**Supplied data**
● ● ● ● ●
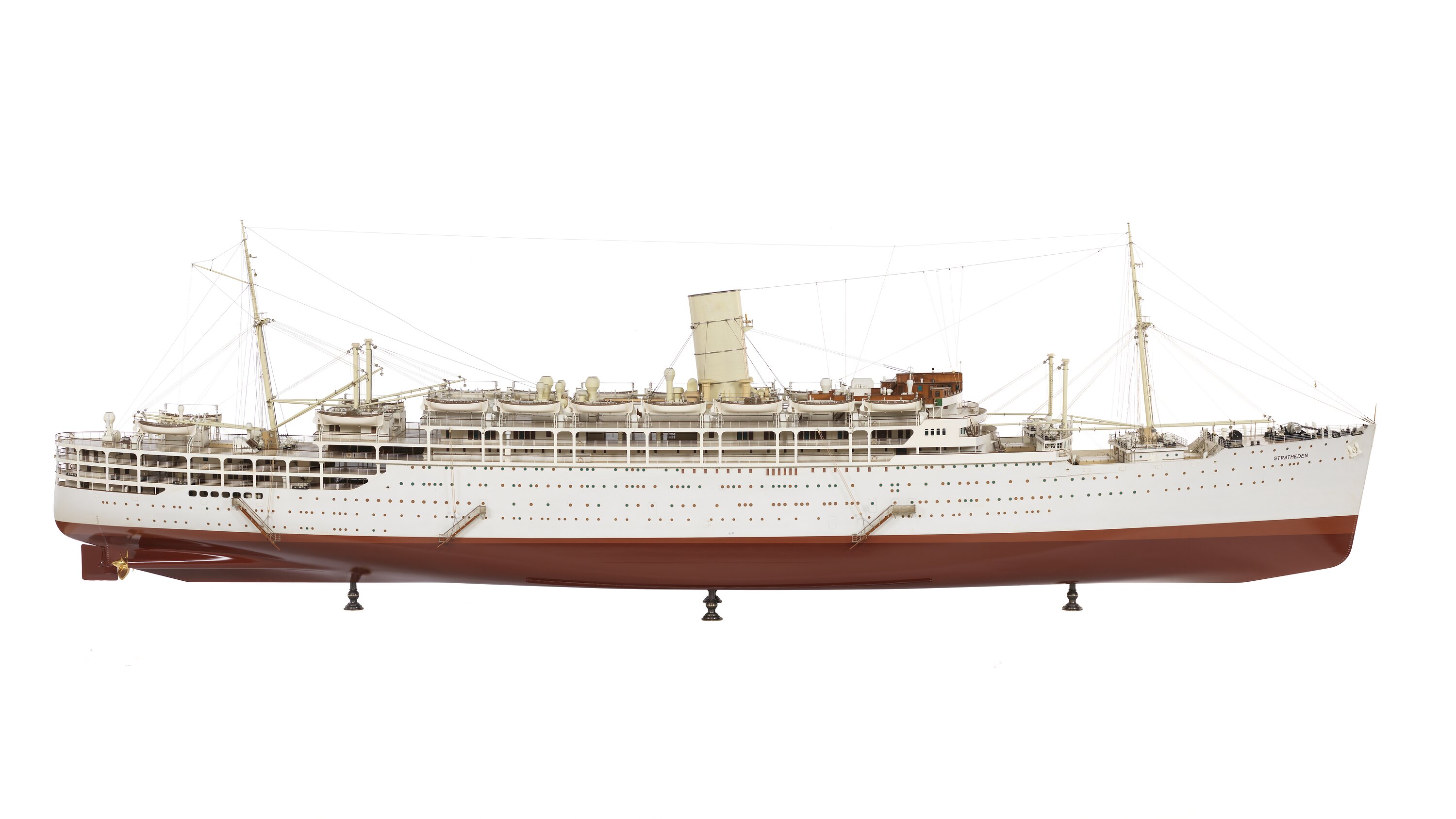 Shipbuilder' s scale model of the P&O Line's Royal Mail, passenger & cargo liner S.S. 'Stratheden', mounted in original glass and wooden display case. The model scale appears to be 1:54 or 1-inch to 4½ feet.
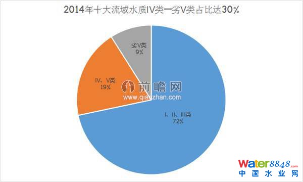 其三,我國水污染問題嚴重,2014年十大流域水質IV類—劣V類累計占比達30%,接近三分之一。
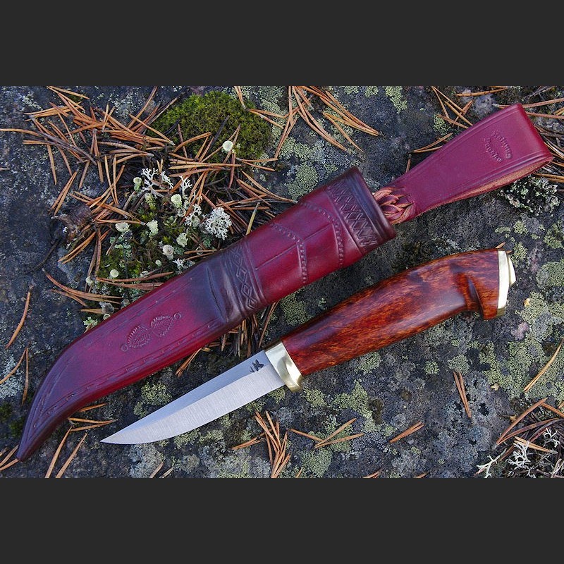 Tässä näyttävässä puukkomallissa on valettu sormisuoja. Kahva on visakoivua ja terä hiiiterästä.
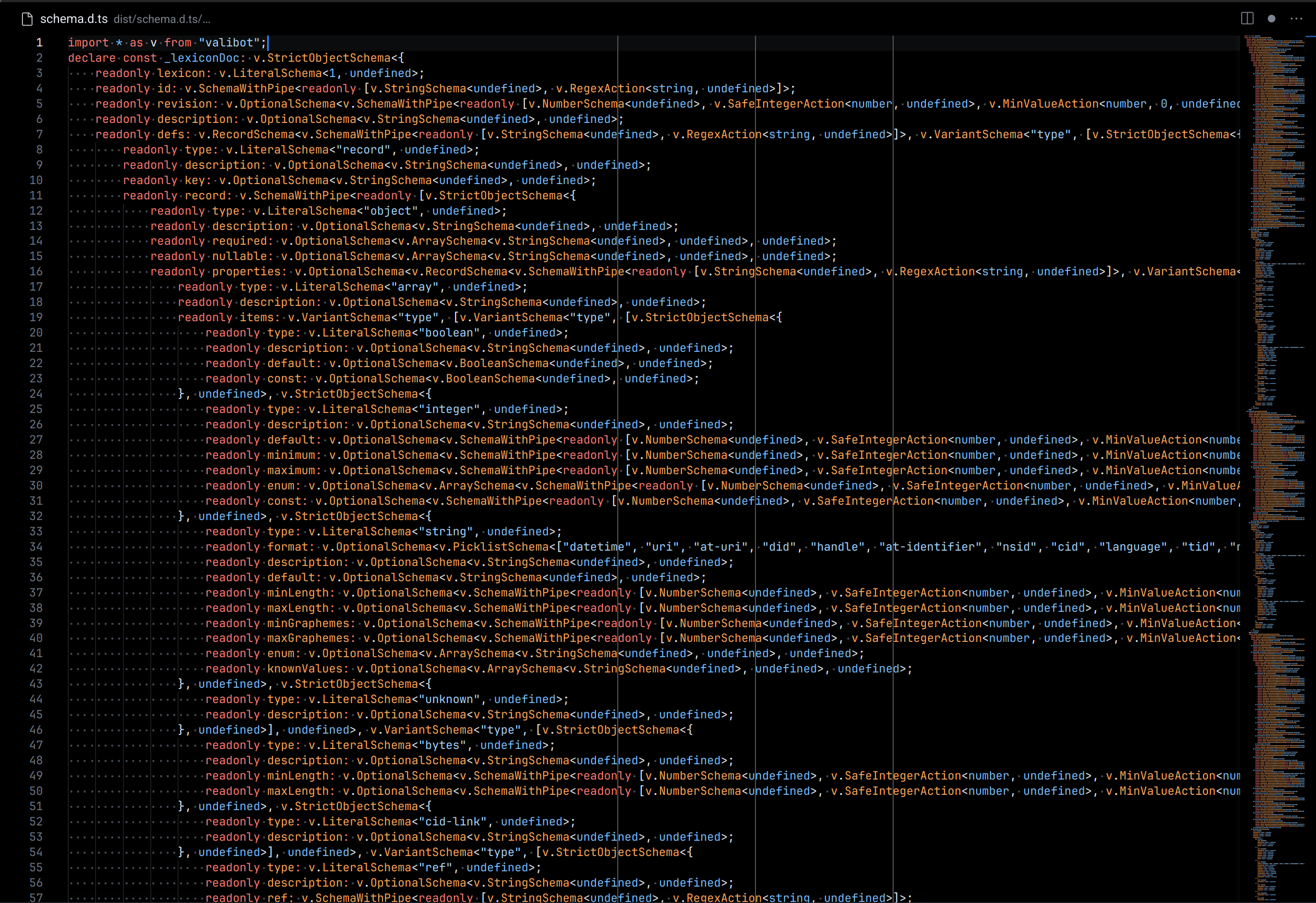 this schema defines AT Protocol's lexicon documents, but due to inlining, this one single exported schema is 2,943 lines long—approximately 146,870 characters (with most whitespaces removed), insane because this doesn't even cover the schemas it depends on which I also export. I find this to be a massive problem because the resulting declaration files becomes bloated and it's hard to read and see what's going on, big deal for a library!
● ● ● ● ●
**Required action**
An exact copy of all the lines above is required, with the pictures removed.

**Task solution**
 Shipbuilder' s scale model of the P&O Line's Royal Mail, passenger & cargo liner S.S. 'Stratheden', mounted in original glass and wooden display case. The model scale appears to be 1:54 or 1-inch to 4½ feet.
 其三,我國水污染問題嚴重,2014年十大流域水質IV類—劣V類累計占比達30%,接近三分之一。
 Tässä näyttävässä puukkomallissa on valettu sormisuoja. Kahva on visakoivua ja terä hiiiterästä.
 this schema defines AT Protocol's lexicon documents, but due to inlining, this one single exported schema is 2,943 lines long—approximately 146,870 characters (with most whitespaces removed), insane because this doesn't even cover the schemas it depends on which I also export. I find this to be a massive problem because the resulting declaration files becomes bloated and it's hard to read and see what's going on, big deal for a library!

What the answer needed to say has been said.